Gaïd Salah Souhaite la «prospérité» au «frère» Amar Saâdani et provoque un séisme

Gaïd Salah Amar Saadani 1Dans une déclaration publique sans précédent, le chef d’état-major Gaïd Salah a adressé ses félicitations au secrétaire général du FLN Amar Saâdani à l’occasion de sa réélection par le comité central. Après la tombée du rideau sur le 10e congrès tout s’effacera avec les coups de balai du service d’hygiène, absolument tout. Les paillettes du spectacle, les discours creux, les résolutions infécondes, les visages congestionnés, les envolées patriotiques et… last but not least les nombreuses fanfaronnades coutumières. Ceux qui ont suivi de loin le congrès retiendront deux faits marquants, l’un mineur et l’autre majeur : la reconduction de Saâdani, le héraut du clan Bouteflika et la Lettre du général Gaïd Salah.

Si la réélection de Saâdani consacre sans surprise l’option de la rupture avec le clan de rab Edzayer et poursuit le plan de confinement de son rôle et de ses influences, le message de soutien que lui adressa nommément Gaïd Salah, quant à lui, a fait l’effet d’une bombe. Les conséquences risquent d’être lourdes pour l’avenir du pays.
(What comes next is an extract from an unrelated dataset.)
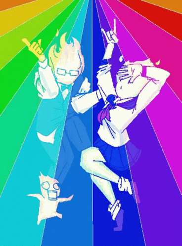 Grillby and Fuku Fire dance energetically in a vibrant rainbow-colored setting, joined by a small creature.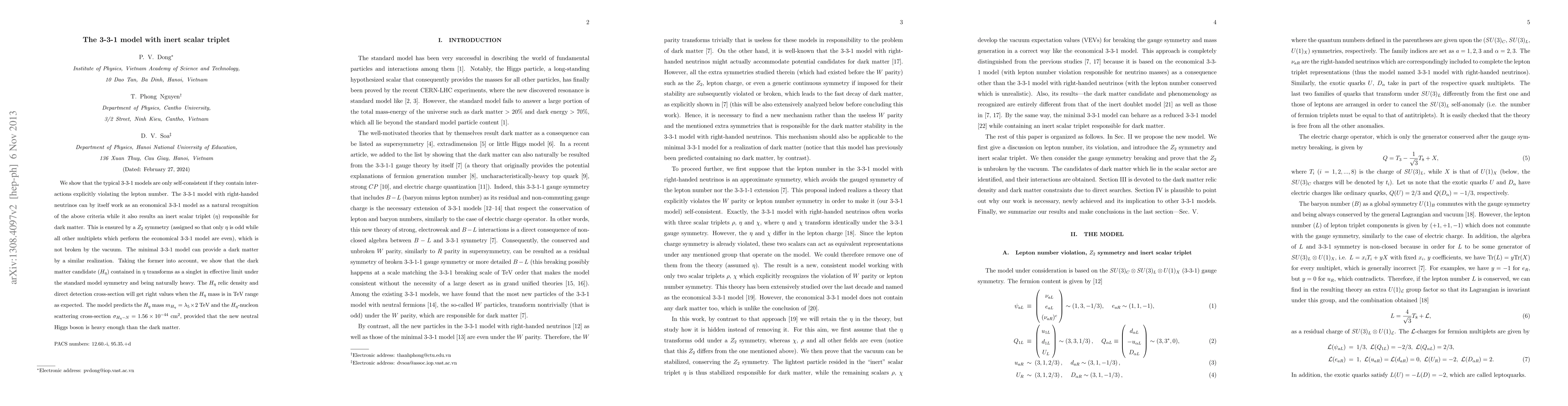 The 3-3-1 model with right-handed neutrinos introduces an inert scalar triplet (\eta) for dark matter, ensuring self-consistency by violating lepton number. The \eta candidate, stable under a Z_2 symmetry, naturally achieves the correct relic density and direct detection cross-section when its mass is in the TeV range.

Jamais dans l’histoire de l’Algérie indépendante, un chef d’état-major n’a osé ou pensé jeter un pavé dans la mare. Le message de félicitation et de solidarité au « frère Amar Saâdani » ne tarissait pas d’éloges, il le couvera de lauriers jusqu’au délire, sans niveau intellectuel, sans vision politique, Saâdani n’est rien d’autre qu’un godillot malléable et corvéable, on le fait gagner pour des vétilles. Même le message de soutien du président Bouteflika, n’aura pas autant d’impact sur l’avenir de Saâdani et de l’Algérie que celui de Gaïd Salah.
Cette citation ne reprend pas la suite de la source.